Assigned task – Beginning with the line of the entries below that holds "Diesel Industry Larkee" and ending with the line that holds "源平合戦の時、那須与一が平家", transcribe each line exactly as written. Pictures stay out.
──────── Dataset ────────
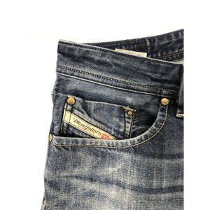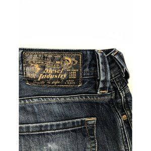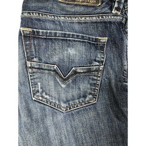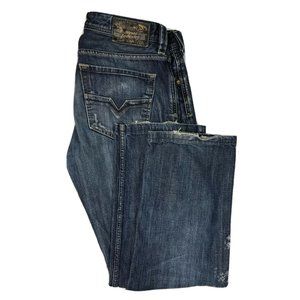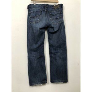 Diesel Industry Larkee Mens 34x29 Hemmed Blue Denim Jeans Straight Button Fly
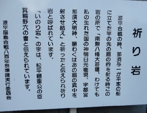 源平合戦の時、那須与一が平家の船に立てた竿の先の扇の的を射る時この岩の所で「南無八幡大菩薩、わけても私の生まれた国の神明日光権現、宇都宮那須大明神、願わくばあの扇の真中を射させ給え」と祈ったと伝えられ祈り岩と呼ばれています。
────────
──────── Dataset ────────
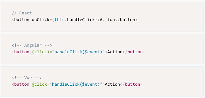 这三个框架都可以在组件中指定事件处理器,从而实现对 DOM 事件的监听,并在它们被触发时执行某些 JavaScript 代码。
────────
Solution to this exercise –
 Diesel Industry Larkee Mens 34x29 Hemmed Blue Denim Jeans Straight Button Fly
 源平合戦の時、那須与一が平家の船に立てた竿の先の扇の的を射る時この岩の所で「南無八幡大菩薩、わけても私の生まれた国の神明日光権現、宇都宮那須大明神、願わくばあの扇の真中を射させ給え」と祈ったと伝えられ祈り岩と呼ばれています。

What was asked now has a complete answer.